### Instructions to follow
Below is a listing; retype exactly the lines between the one containing "Figura 2: Fluxograma" and the one containing "Участники конференции во", inclusive, minus the pictures.

Records for processing Block Start

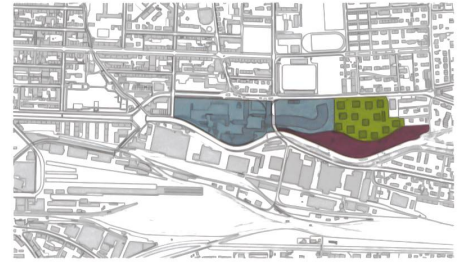
Die Stadt verkauft Gygax-West an Omega / Swatch. Shigeru Ban baut zurzeit den Riesenschwammfortsatz. Previs baut 'Jardin du Paradis'.

Die Schüss ist ein williger Fluss. Sie kommt aus dem Jura und hat die erste Industrialisierung Biels angetrieben, Stichwort Taubenlochschlucht. Dort entstanden der Drahtzug, die Protoindustrie und später die Baumwollspinnerei und -färberei weiter flussabwärts. Die Schüss ist aber auch ein rebellischer Fluss. Ihr Hochwasser überschwemmte und vernichtete. Darum musste man die Schüss erziehen. Man sperrte sie zwischen zwei Ufermauern ein. So floss sie seit 1830 dahin, diszipliniert und domestiziert. Fische gab es darin keine mehr.
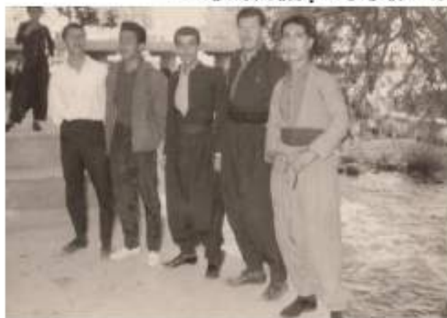
ئەم وىنەيە رۇژى ( 14 . 5 . 1967 )، لە باخەكەى (سەرچنار) گىراۋە،
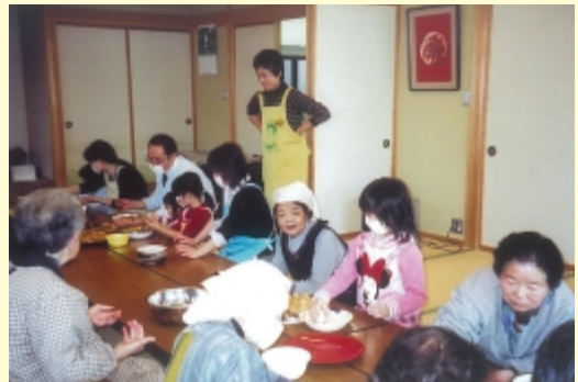
（お年寄りと子どものぼたもちづくりを通じた交流）

また、利用者が手作りおやつを持参するなど、単にサービスを利用するという受け身の姿勢ではなく、相互の交流がみられており、地域のお年寄りの心のよりどころにとどまらず、生きる張り合いを提供することにも貢献している。
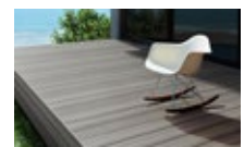
樹ら楽ステージ 木彫
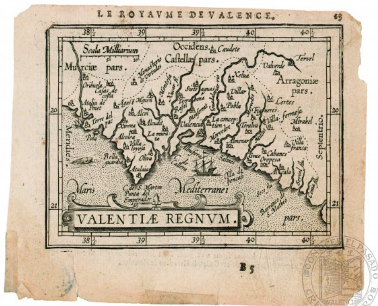
Mapes del Regne de Valencia de Gerhard Kremer i Abraham Oertel
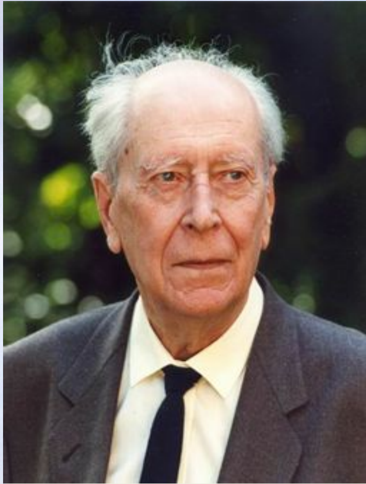
Дмитрий Сергеевич Лихачёв

Академик РАН 15 ноября 1906 30 сентября 1999
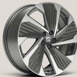
PERFORMANCE COSMO GREY MATTE MACHINED FB
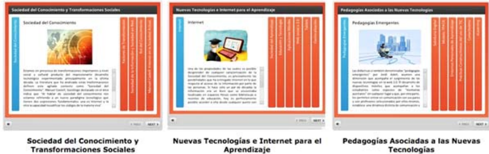
Figura 4. Contenido de módulo (elaboración propia).

El Módulo 2: Sociedad del Conocimiento y las Nuevas Formas de Aprender en la Era Digital propone 3 líneas de contenido, los cuales puede revisar a continuación:
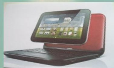
Найти информацию в интернете
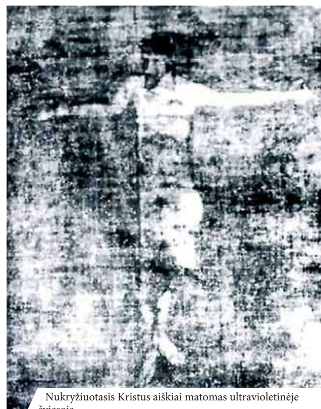
Nukryžiuotasis Kristus aiškiai matomas ultravioletinėje šviesoje
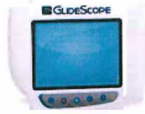
GlideScope Video Monitor (GVM3)
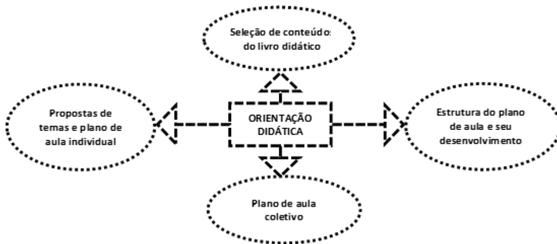
Figura 2: Fluxograma das orientações didático-pedagógicas. Fonte: Trabalho de campo, 2017 a 2019. Organização: Conceição, F. S. da., 2020.

A seleção e escolha de um conteúdo geográfico ficaram a critério de cada grupo, uma vez que a organização dos conceitos básicos no ensino de geografia permite desenvolver um pensamento autônomo a partir da edificação do raciocínio geográfico (Cavalcanti, 2005). O tema escolhido, tomando como base o modelo de plano de aula disponibilizado, foi construído um plano de aula. E, ao final de cada aula ou na próxima aula da disciplina, foram feitas as apresentações e discussões dos temas geográficos de cada grupo. Nessa atividade proposta, os estudantes demonstraram a importância do trabalho em grupo, a criatividade no desenvolvimento de novas linguagens, a assimilação de conteúdos geográficos para a concretização da prática.
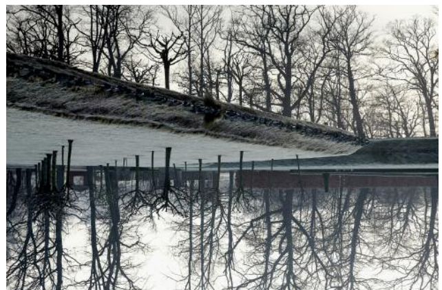
12_Diametral I, Germany, 2012 © Peter Braunholz, VG Bild-Kunst, Bonn 2017
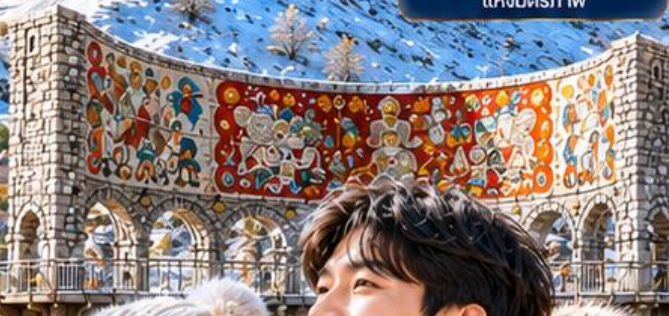
RUSSIA GEORGIA FRIENDSHIP MONUMENT อนุสรณ์สถานรัสเซีย-จอร์เจีย แห่งมิตรภาพ
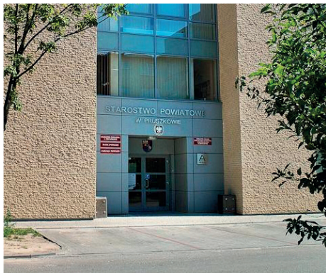
Starostwo powiatowe

W czerwcu podczas posiedzenia Komisji Inwestycji i Rozwoju Gospodarczego w Starostwie Powiatowym w Pruszkowie opracowaliśmy wstępne założenia programowe do strategii ścieżek rowerowych. W przeddzień Komisji w powiecie odbył się konwent Wójtów, Burmistrzów i Prezydentów Gmin i Miast wchodzących w skład Powiatu Pruszkowskiego, podczas którego władarze przedstawiali swoje plany dotyczące tego tematu.
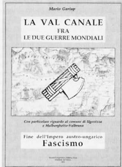
Naslovnica najnovejše Garjupove knjige

Večer je bil lep in prijeten, poleg tega pa je imel še poseben pomen: bil je namreč še ena postaja na poti iskanja skupnega in prijateljskega sosodstva vseh jezikovnih skupnosti, ki danes bogatijo to dolino pod sv. Višarjami.
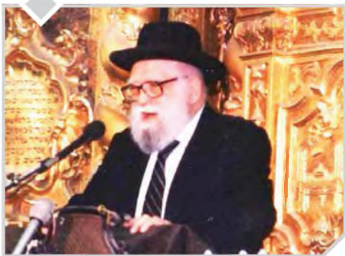
"כי תקנה עבד עברי" (שמות כ"א, ב')
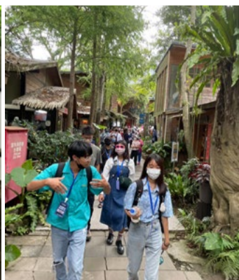
參觀「卓也藍染」客家村落
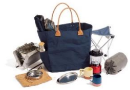
アウトドアシーンにも

日本有数の素材メーカー、小松マテレー社により開発されたコンブナイロン生地を使用した日本製のバッグが新登場。中敷きなしで自立するハリと硬さがありながら非常に軽いのが特長です。持ち手は牛革製でシンプルなデザインのため男女問わず使えます。
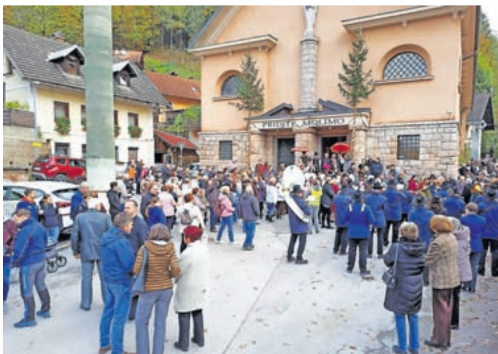
Z zahvalno sveto mašo so v soboto, 4. novembra, v cerkvi svetega Lenarta na Jesenicah zaokrožili praznovanje 500-letnice župnije.
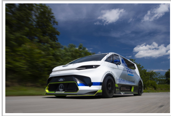
Ford Pro Electric Supervan.
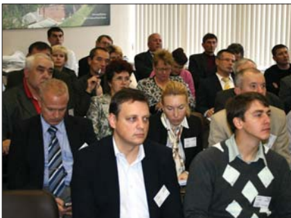
Участники конференции во время пленарных докладов

Для оптимизации процесса обжига разработана центральная горелка и периферийные подвижные горелки, которые позволяют увеличить зону обжига печи. Развивая бизнес в России, компания предлагает также помощь в организации кредитного финансирования проекта. Обеспечение кредита осуществляется швейцарским кредитным экспортным агентством. Авансовый платеж, вносимый заказчиком при подписании договора на строительство или реконструкцию печей Maerz, составляет 15–20%. Основное погашение кредита производится уже после запуска печи и начала получения прибыли. Предоставление возможности осуществления такой щадящей программы финансирования проектов российским фирмам свидетельствует о серьезном подходе к развитию бизнеса в России.
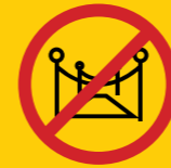
Espectacles gratuïts i actes protocolaris
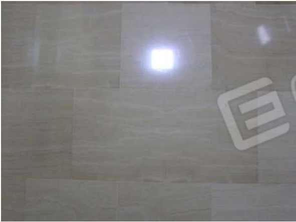
Foto 25 - Particolare pavimentazione interna all'appartamento
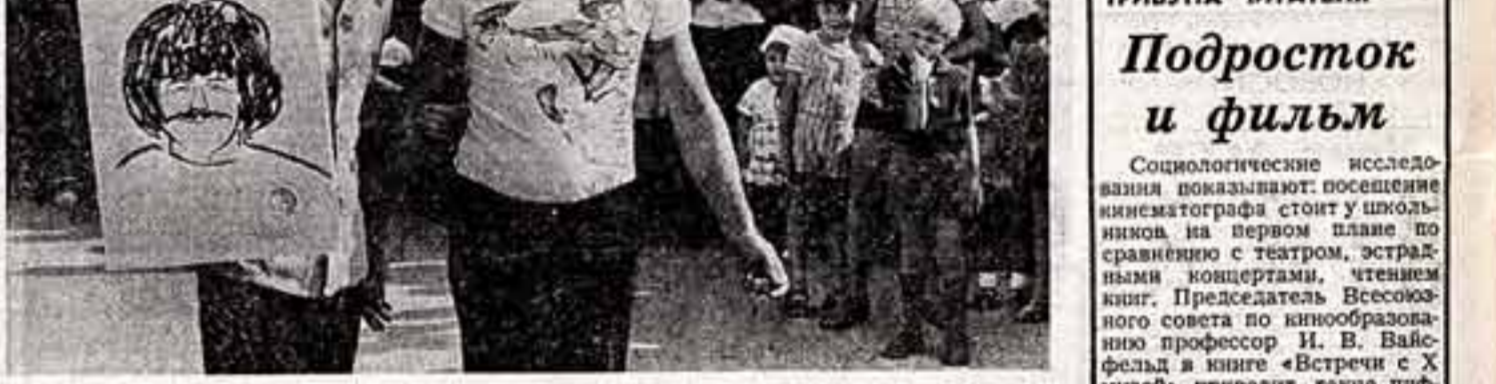
На берегу Каховского моря в Запорожской области раскинулся один из самых молодых и красивых поселков Украинского государства — Энергодор. Здесь живут строители атомной энергомашиностроительной станции.
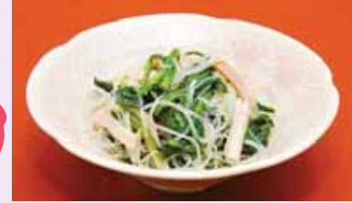
ほうれん草と春雨の中華和え

■ 材料(2人分) そば(乾燥) 150g・卵 2コ・オクラ 60g・わかめ 30g・長 ねぎ 20g 【A】だし:2と1/2カップ・しょうゆ:大さじ1と2/3・みりん: 大さじ1

Records for processing Block End

### Answer
Figura 2: Fluxograma das orientações didático-pedagógicas. Fonte: Trabalho de campo, 2017 a 2019. Organização: Conceição, F. S. da., 2020.

A seleção e escolha de um conteúdo geográfico ficaram a critério de cada grupo, uma vez que a organização dos conceitos básicos no ensino de geografia permite desenvolver um pensamento autônomo a partir da edificação do raciocínio geográfico (Cavalcanti, 2005). O tema escolhido, tomando como base o modelo de plano de aula disponibilizado, foi construído um plano de aula. E, ao final de cada aula ou na próxima aula da disciplina, foram feitas as apresentações e discussões dos temas geográficos de cada grupo. Nessa atividade proposta, os estudantes demonstraram a importância do trabalho em grupo, a criatividade no desenvolvimento de novas linguagens, a assimilação de conteúdos geográficos para a concretização da prática.
12_Diametral I, Germany, 2012 © Peter Braunholz, VG Bild-Kunst, Bonn 2017
RUSSIA GEORGIA FRIENDSHIP MONUMENT อนุสรณ์สถานรัสเซีย-จอร์เจีย แห่งมิตรภาพ
Starostwo powiatowe

W czerwcu podczas posiedzenia Komisji Inwestycji i Rozwoju Gospodarczego w Starostwie Powiatowym w Pruszkowie opracowaliśmy wstępne założenia programowe do strategii ścieżek rowerowych. W przeddzień Komisji w powiecie odbył się konwent Wójtów, Burmistrzów i Prezydentów Gmin i Miast wchodzących w skład Powiatu Pruszkowskiego, podczas którego władarze przedstawiali swoje plany dotyczące tego tematu.
Naslovnica najnovejše Garjupove knjige

Večer je bil lep in prijeten, poleg tega pa je imel še poseben pomen: bil je namreč še ena postaja na poti iskanja skupnega in prijateljskega sosodstva vseh jezikovnih skupnosti, ki danes bogatijo to dolino pod sv. Višarjami.
"כי תקנה עבד עברי" (שמות כ"א, ב')
參觀「卓也藍染」客家村落
アウトドアシーンにも

日本有数の素材メーカー、小松マテレー社により開発されたコンブナイロン生地を使用した日本製のバッグが新登場。中敷きなしで自立するハリと硬さがありながら非常に軽いのが特長です。持ち手は牛革製でシンプルなデザインのため男女問わず使えます。
Z zahvalno sveto mašo so v soboto, 4. novembra, v cerkvi svetega Lenarta na Jesenicah zaokrožili praznovanje 500-letnice župnije.
Ford Pro Electric Supervan.
Участники конференции во время пленарных докладов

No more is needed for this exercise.